Private equity investment in real estate fell 4.6 per cent to nearly Rs 9,600 crore during the January-March period of this year even as office segment saw the highest inflow since 2009, according to property consultant Cushman & Wakefield. Office segment witnessed private equity (PE) investment worth Rs 5,600 crore in the first quarter of 2017 calendar year as against Rs 2,900 crore in the year-ago period. PE investment in housing also increased but fell sharply in retail and mixed-use developments.
PE investments in residential segment went up to Rs 3,600 crore from Rs 2,300 crore earlier. The maximum decline was seen in retail as investors are very cautious about putting in money in this segment. Most developers are extremely sensitive towards creating retail space due to the changing dynamics of the market.

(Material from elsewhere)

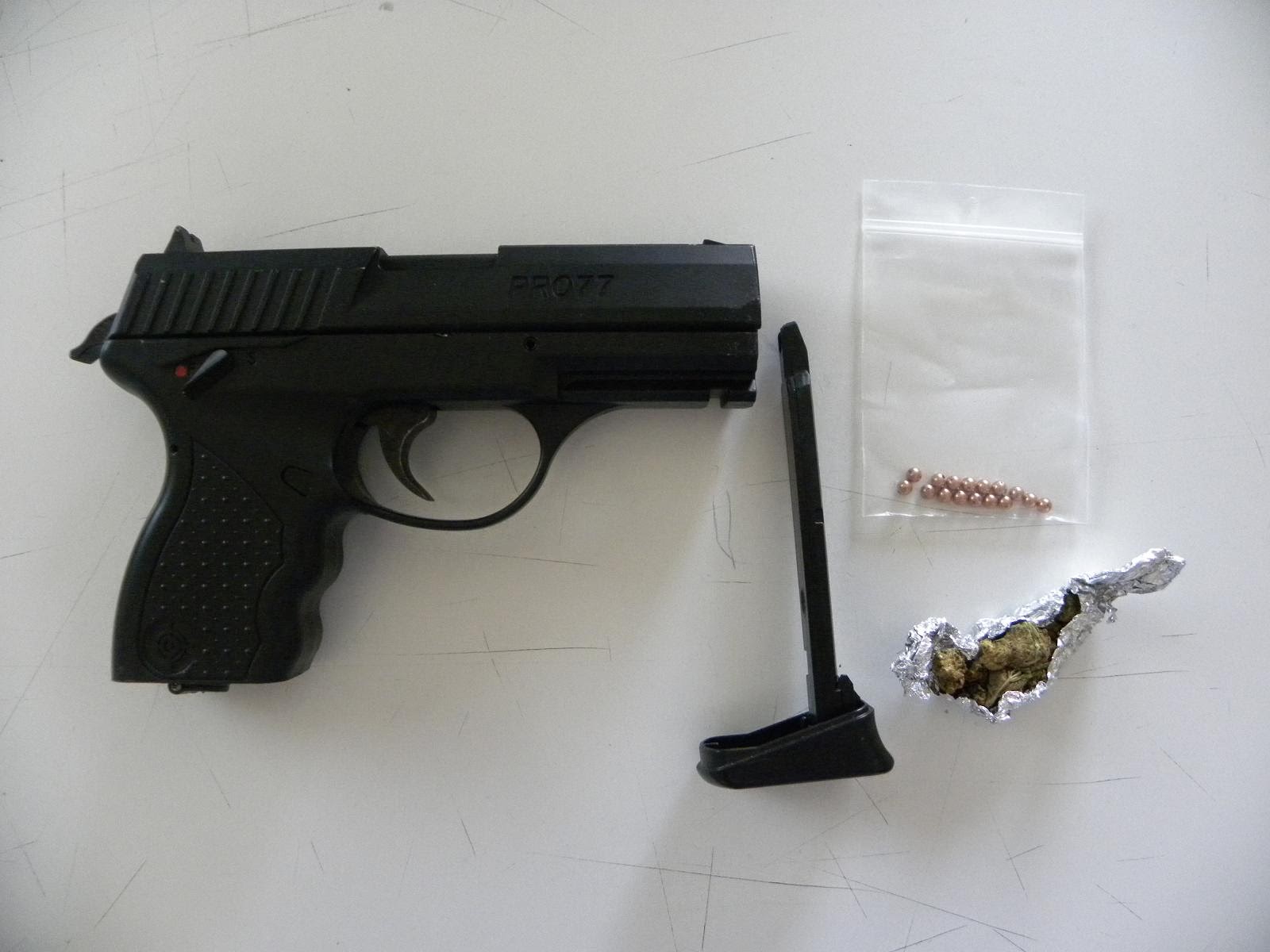 γραμμαρίων, ενώ ακόμη κατείχε ένα (1) πιστόλι αερίου και γεμιστήρα με δεκαέξι

Mixed–use segment also witnessed fall in total value of investments. Retail segment attracted only Rs 15 crore private equity investment against Rs 1,900 crore, while mixed-use development saw PE inflow of only Rs 300 crore from Rs 2,500 crore earlier.
“Overall private equity investment in real estate declined by a marginal 4.6 per cent in Q1 2017 to Rs 9,590 crore from Rs 10,050 crore in Q1 2016,” C&W said. During Q1 2017, Mumbai was the preferred location for investments, accounting for 49 per cent of the total inflows at Rs 4,700 crore. Within Mumbai, commercial office assets accounted for the majority share at 77 per cent.
Cushman & Wakefield India Managing Director Anshul Jain said the record investment in office assets indicates investors’ confidence in this asset class. “The office space is expected to continue to see more interest from the investors in the coming years. By the end of the year, we are expected to see at least 2-3 large portfolio level deals that would be further pushing the total PE investment in office market,” he added.
Jain said these can be seen as signs of maturity of the market and a commitment from the funds for long-term partnership with developers.